### RECORDS FOR PROCESSING

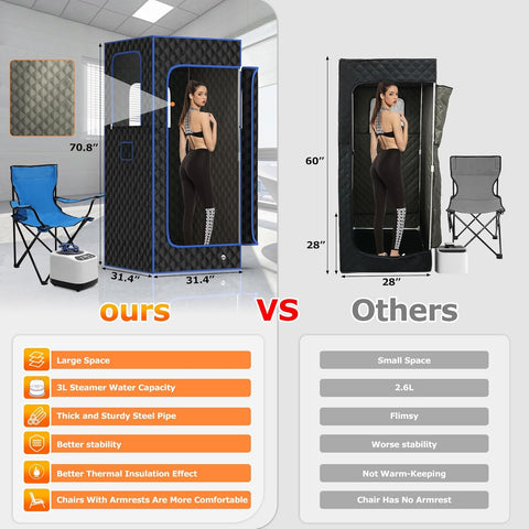 Elevate your space with this slendor portable sauna, steam sauna for home, sauna box with 3l steamer, sauna tent with folding chair. Designed with both style and functionality in mind, this piece makes a perfect addition to any home.
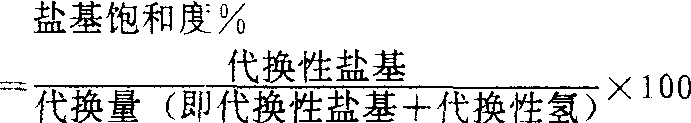 | 释义 | 代换量、代换性盐基总量及盐基饱和度的测定 代换量、代换性盐基总量及盐基饱和度的测定daihuanliang、daihuanxing yanji zongliang ji yanjibaohedu deceding土壤代换性由土壤胶体表面性质所造成,包括代换性盐基及代换性氢。两者的总和,便是盐基代换量,用“毫克当量/100克土”表示。代换性盐基和代换量的比例,叫做盐基饱和度,用百分数表示,可由下式计算出来:
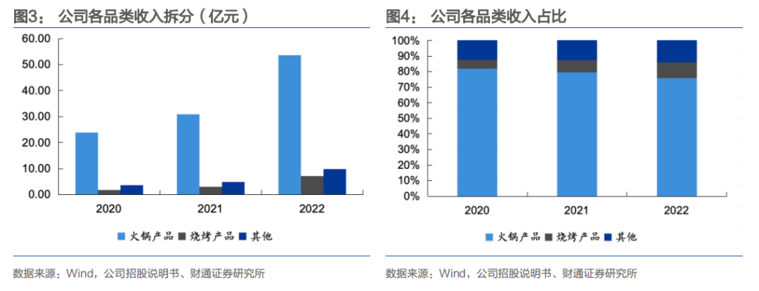 公司通过“火锅 烧烤”的品类组合,快速占领市场,进而建立供应链与门店网络的壁垒。火锅产品是绝对主力,收入从2020年23.90亿元增长至2022年53.52亿元,收入占比虽然从81.90%降至75.82%,但仍贡献超七成收入;烧烤产品则实现快速增长,从1.70亿元升至7.14亿元,占比从5.84%升至10.12%,与火锅形成“双品类互补”,覆盖“火锅 烧烤”的居家聚餐核心场景;其他产品(饮品、一人食等)从3.58亿元增至9.93亿元,是公司从“单一品类到全场景家庭食材”的初步尝试。
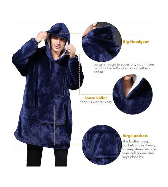 Huggle Κουβέρτα Μπλε Καρώ Βελουτέ με Μανίκια και Κουκούλα 70x90cm
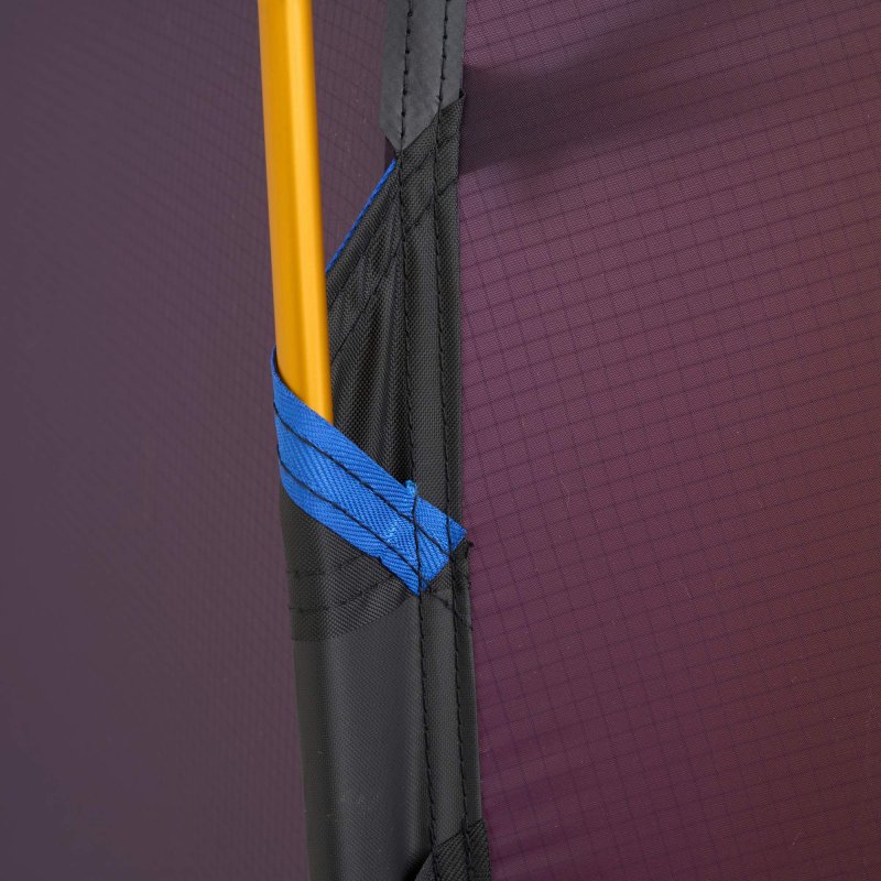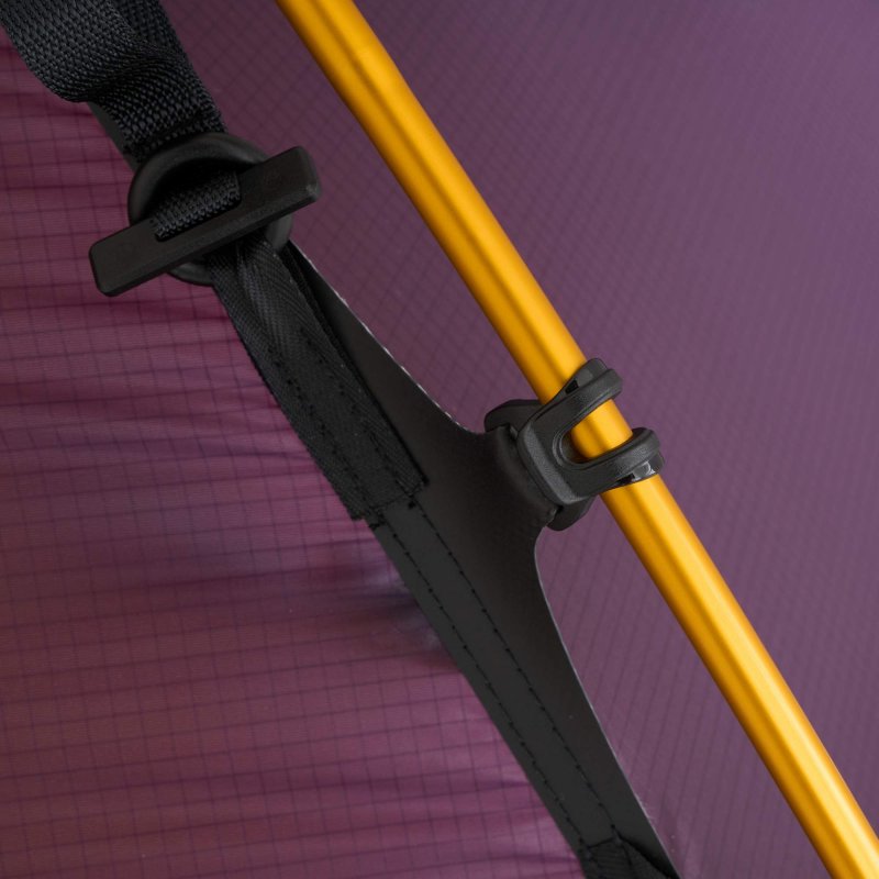 Alle drei Gestängebögen werden mit Clips am Außenzelt befestigt, was die Aufbaugeschwindigkeit erheblich erhöht. Die Featherlite-Gestänge sind gleich lang und kreuzen sich in der Kuppel, wodurch du keine Zeit mit der Suche nach der richtigen Stange verlierst. Das Innenzelt kann eingehängt bleiben und wird dadurch gleichzeitig mit dem Außenzelt aufgestellt. Bei Regen steht dir somit immer ein trockener Innenraum zur Verfügung.

######

• EXERCISE BRIEF
Take the records above from their first line through the line with "释义 | 代换量、代换性盐基总量及盐基饱和度的测定" and set those lines down word for word, minus the pictures.

• SOLUTION TO THE PROBLEM
 Elevate your space with this slendor portable sauna, steam sauna for home, sauna box with 3l steamer, sauna tent with folding chair. Designed with both style and functionality in mind, this piece makes a perfect addition to any home.
 | 释义 | 代换量、代换性盐基总量及盐基饱和度的测定 代换量、代换性盐基总量及盐基饱和度的测定daihuanliang、daihuanxing yanji zongliang ji yanjibaohedu deceding土壤代换性由土壤胶体表面性质所造成,包括代换性盐基及代换性氢。两者的总和,便是盐基代换量,用“毫克当量/100克土”表示。代换性盐基和代换量的比例,叫做盐基饱和度,用百分数表示,可由下式计算出来:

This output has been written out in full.